Additionally, we use the square root of the final score, to represent the geometric mean between the ligand and the receptor, consistent with our calculations for the protein-based LR pairs above.
tensor_met.tensor = tl.sqrt((tensor_met.tensor >= 0) * tensor_met.tensor) # Remove negative cases and convert to gmean
Generate a list containing metadata for each tensor order/dimension - Later used for coloring factor plots
This is a list containing metadata for each dimension of the tensor (contexts, LR pairs, sender cells, receiver cells).

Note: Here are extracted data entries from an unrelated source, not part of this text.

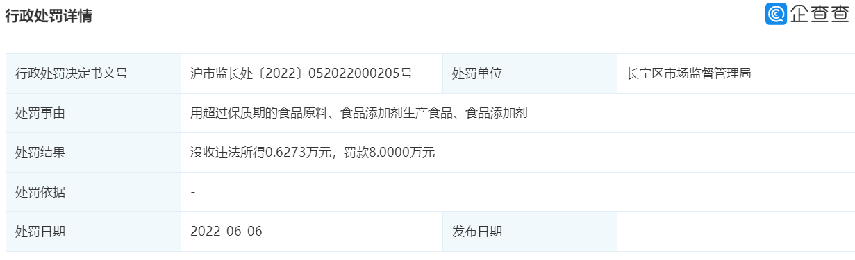 大公快消讯 企查查信息显示,6月6日,老乡鸡(上海)餐饮有限公司凯旋路店因用使用过期炼制鸡油,被长宁区市场监督管理局没收违法所得6273元、罚款8万元。
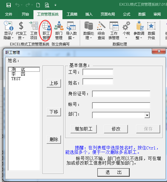 上面的“导入数据”功能相当于批量管理员工信息,而这个“职工管理”相当于对个别员工进行微调。
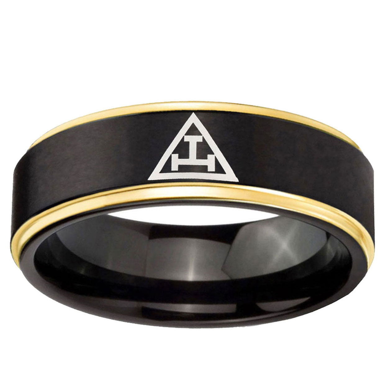 6, 8mm Masonic Triple Gold Step Edge Black Tungsten Men's Ring Personalized
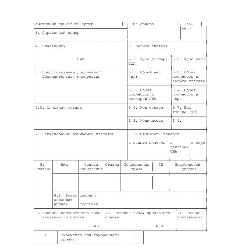 Документ отвечающий за таможенный ордер это бумага строгого оформления и должна быть заполнена таможенным работником в трех копиях. Первый документ остается в таможне, где и были утверждены все необходимые по закону проплаты, вторая копия согласно строгому контролю должна находится в бухгалтерии, а судьба третьей копии быть отданной гражданскому лицу осуществляющему платеж.
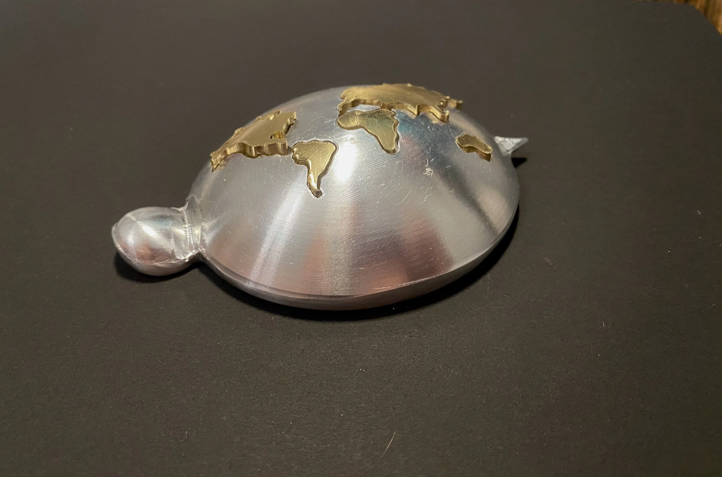 A 6 part puzzle with pieces and turtle body made on the CNC. Workholding process included tabs and wax to machine intricate details and geometries.

Each metadata corresponds to a dataframe with info of each element in the respective dimension.
We start with the protein-based tensor.
meta_tf = c2c.tensor.generate_tensor_metadata(interaction_tensor=tensor_lr,
metadata_dicts=[None, ppi_functions, None, None],
fill_with_order_elements=True
)
We continue with the metabolite-based tensor.

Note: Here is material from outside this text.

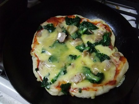 調理実習で使えないかと、フライパンでピザを焼いてみました。

meta_tf2 = c2c.tensor.generate_tensor_metadata(interaction_tensor=tensor_met,
metadata_dicts=[None, ppi_functions, None, None],
fill_with_order_elements=True
)
Re-order ligand-receptor interactions based on their categories¶
Later, we will be interested in plotting our results and group LR pairs by their annotations, so we sort them in a way that those with similar annotations will be plot together.
First, we sort them in the metadata.
meta_tf[1].sort_values(['Category', 'Element'], inplace=True)

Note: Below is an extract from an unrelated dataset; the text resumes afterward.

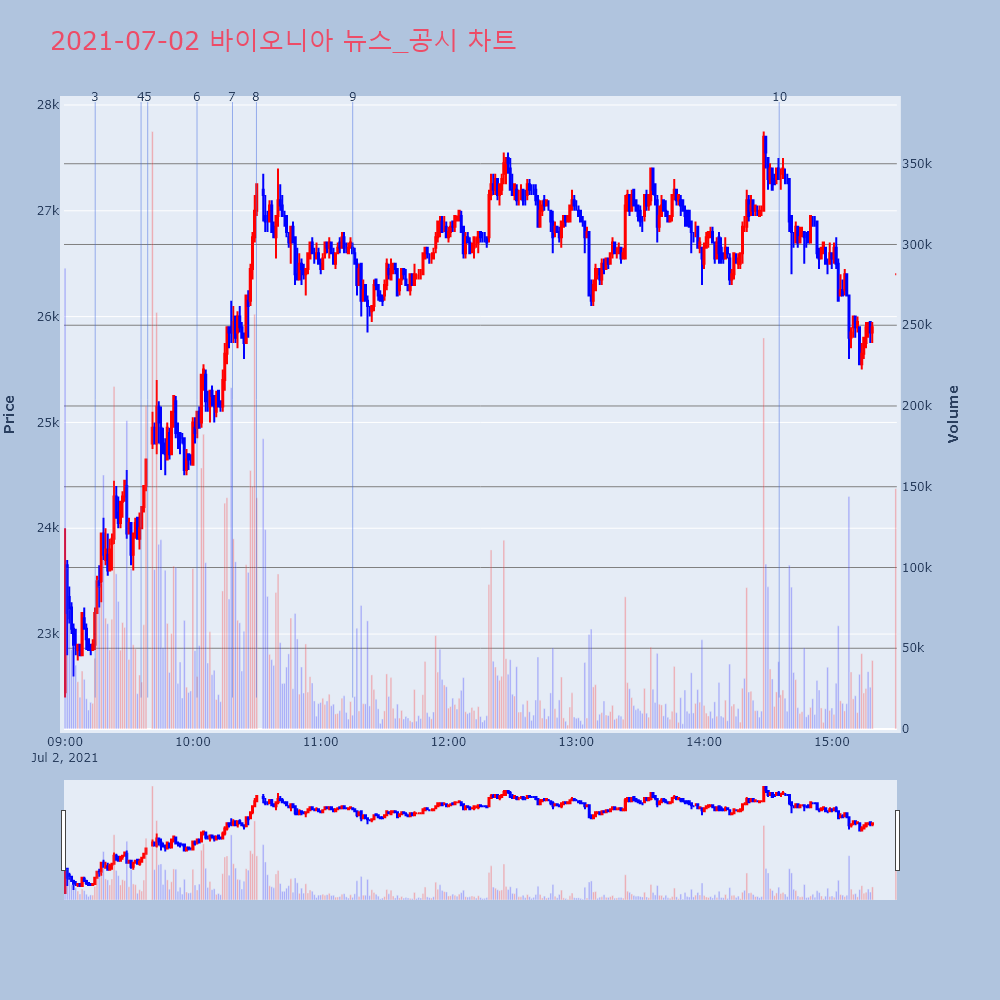 | 6 | 5 | 바이오니아, +13.59% VI 발동바이오니아(064550)가 VI가 발동했다. 전일 대비 | 조선경제 | 바이오니아 | 2021-07-02 09:38:48 |

meta_tf2[1].sort_values(['Category', 'Element'], inplace=True)
Then, based on this new order, we sort their locations within the tensors.
tensor_lr = c2c.tensor.subset_tensor(tensor_lr, subset_dict={1: meta_tf[1]['Element'].values.tolist()})
tensor_met = c2c.tensor.subset_tensor(tensor_met, subset_dict={1: meta_tf2[1]['Element'].values.tolist()})
4 - Export tensors and metadata¶
Finally, we export both, metadata and tensor for both modalities (protein- and metabolite-based communication).
c2c.io.save_data.export_variable_with_pickle(tensor_lr, output_folder + '/Initial-c2c-Tensor.pkl')
c2c.io.save_data.export_variable_with_pickle(tensor_met, output_folder + '/Initial-MEBOCOST-Tensor.pkl')
/data/Tensor-cell2cell//Initial-c2c-Tensor.pkl was correctly saved. /data/Tensor-cell2cell//Initial-MEBOCOST-Tensor.pkl was correctly saved.
c2c.io.save_data.export_variable_with_pickle(meta_tf, output_folder + '/Meta-Initial-c2c-Tensor.pkl')
c2c.io.save_data.export_variable_with_pickle(meta_tf2, output_folder + '/Meta-Initial-MEBOCOST-Tensor.pkl')
/data/Tensor-cell2cell//Meta-Initial-c2c-Tensor.pkl was correctly saved. /data/Tensor-cell2cell//Meta-Initial-MEBOCOST-Tensor.pkl was correctly saved.